=== STORED DATA ===
***

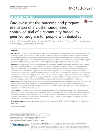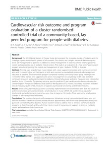 Title: | Cardiovascular risk outcome and program evaluation of a cluster randomised controlled trial of a community-based, lay peer led program for people with diabetes |
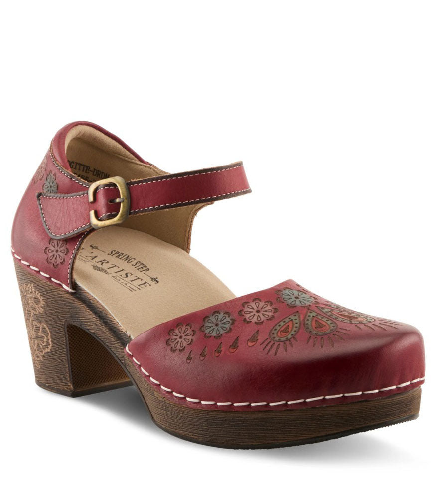 Add a touch of artistic charm to your everyday look with this beautifully designed leather Mary Jane shoe. Crafted in a rich red hue, it features delicate hand-tooled floral detailing across the toe for a unique, eye-catching finish. The adjustable strap ensures a secure and comfortable fit, while the cushioned insole provides all-day support. Perfect for casual outings or dress-casual wear, this shoe blends comfort, craftsmanship, and timeless style effortlessly.
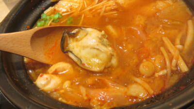 最近、トッピングに牡蠣が追加されたので、それに合うという旨辛きりたんぽ鍋をいただきました。
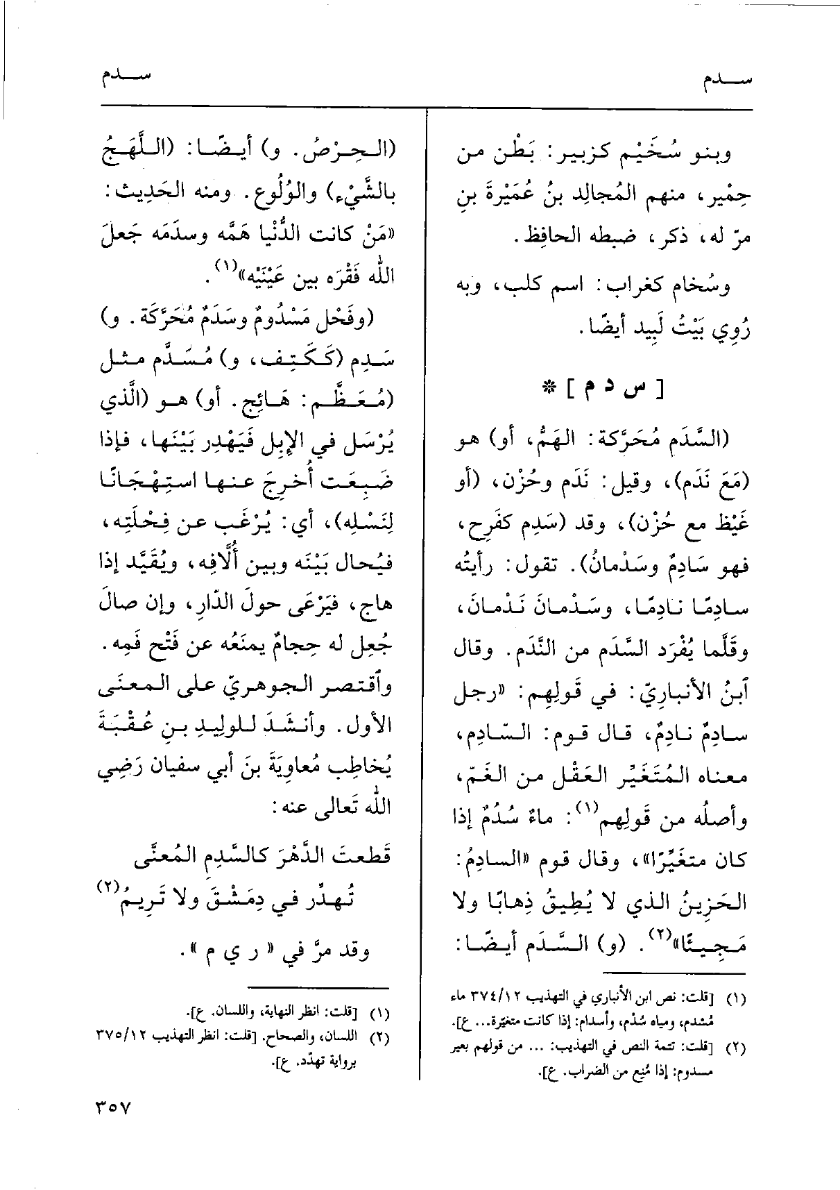 (وفَحْل مَسْدُومٌ وسَدَمٌ مُحَرَّكَة. و) سَدِم (كَكَتِف، و) مُسَدَّم مثل (مُعَظَّم: هَائِج. أَو) هُوَ (الَّذي يُرْسَل فِي الإِبِل فَيَهْدِر بَيْنَها، فَإِذا ضَبِعَت أُخرِجَ عَنْهَا استِهْجَاناً لِنَسْلِه) ، أَي: يُرْغَب عَن فِحْلَتِه، فيُحال بَيْنَه وَبَين أُلاَّفِه، ويُقَيَّد إِذا هاج، فيَرْعَى حولَ الدّارِ، وَإِن صالَ جُعِل لَهُ حِجامٌ يمنَعُه عَن فَتْح فَمِه. واْقتصر الجوهريّ على المعنَى الأول. وأنشَدَ للولِيدِ بنِ عُقْبَةَ يُخاطِب مُعاوِيَةَ بنَ أبي سُفْيَان رَضِي الله تَعالى عَنهُ:
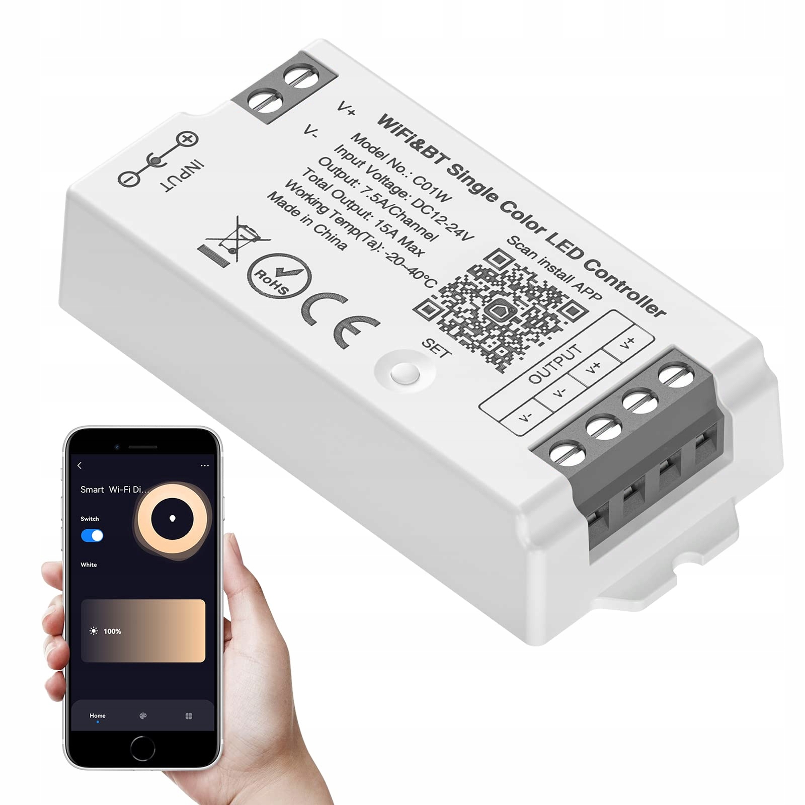 SEZO C01W одноколірний світлодіодний контролер із Wi-Fi та Bluetooth, групове керування, сумісний із додатком Alexa, Google Home/Tuya Smart Life, працює з LM091, LM096, LM007, LM097 WR02RF, пультом дистанційного керування DC12-24V

***

=== EXERCISE INSTRUCTIONS ===
Produce an exact reprint of the entries, dropping the images.

=== COMPLETED TASK ===
 Title: | Cardiovascular risk outcome and program evaluation of a cluster randomised controlled trial of a community-based, lay peer led program for people with diabetes |
 Add a touch of artistic charm to your everyday look with this beautifully designed leather Mary Jane shoe. Crafted in a rich red hue, it features delicate hand-tooled floral detailing across the toe for a unique, eye-catching finish. The adjustable strap ensures a secure and comfortable fit, while the cushioned insole provides all-day support. Perfect for casual outings or dress-casual wear, this shoe blends comfort, craftsmanship, and timeless style effortlessly.
 最近、トッピングに牡蠣が追加されたので、それに合うという旨辛きりたんぽ鍋をいただきました。
 (وفَحْل مَسْدُومٌ وسَدَمٌ مُحَرَّكَة. و) سَدِم (كَكَتِف، و) مُسَدَّم مثل (مُعَظَّم: هَائِج. أَو) هُوَ (الَّذي يُرْسَل فِي الإِبِل فَيَهْدِر بَيْنَها، فَإِذا ضَبِعَت أُخرِجَ عَنْهَا استِهْجَاناً لِنَسْلِه) ، أَي: يُرْغَب عَن فِحْلَتِه، فيُحال بَيْنَه وَبَين أُلاَّفِه، ويُقَيَّد إِذا هاج، فيَرْعَى حولَ الدّارِ، وَإِن صالَ جُعِل لَهُ حِجامٌ يمنَعُه عَن فَتْح فَمِه. واْقتصر الجوهريّ على المعنَى الأول. وأنشَدَ للولِيدِ بنِ عُقْبَةَ يُخاطِب مُعاوِيَةَ بنَ أبي سُفْيَان رَضِي الله تَعالى عَنهُ:
 SEZO C01W одноколірний світлодіодний контролер із Wi-Fi та Bluetooth, групове керування, сумісний із додатком Alexa, Google Home/Tuya Smart Life, працює з LM091, LM096, LM007, LM097 WR02RF, пультом дистанційного керування DC12-24V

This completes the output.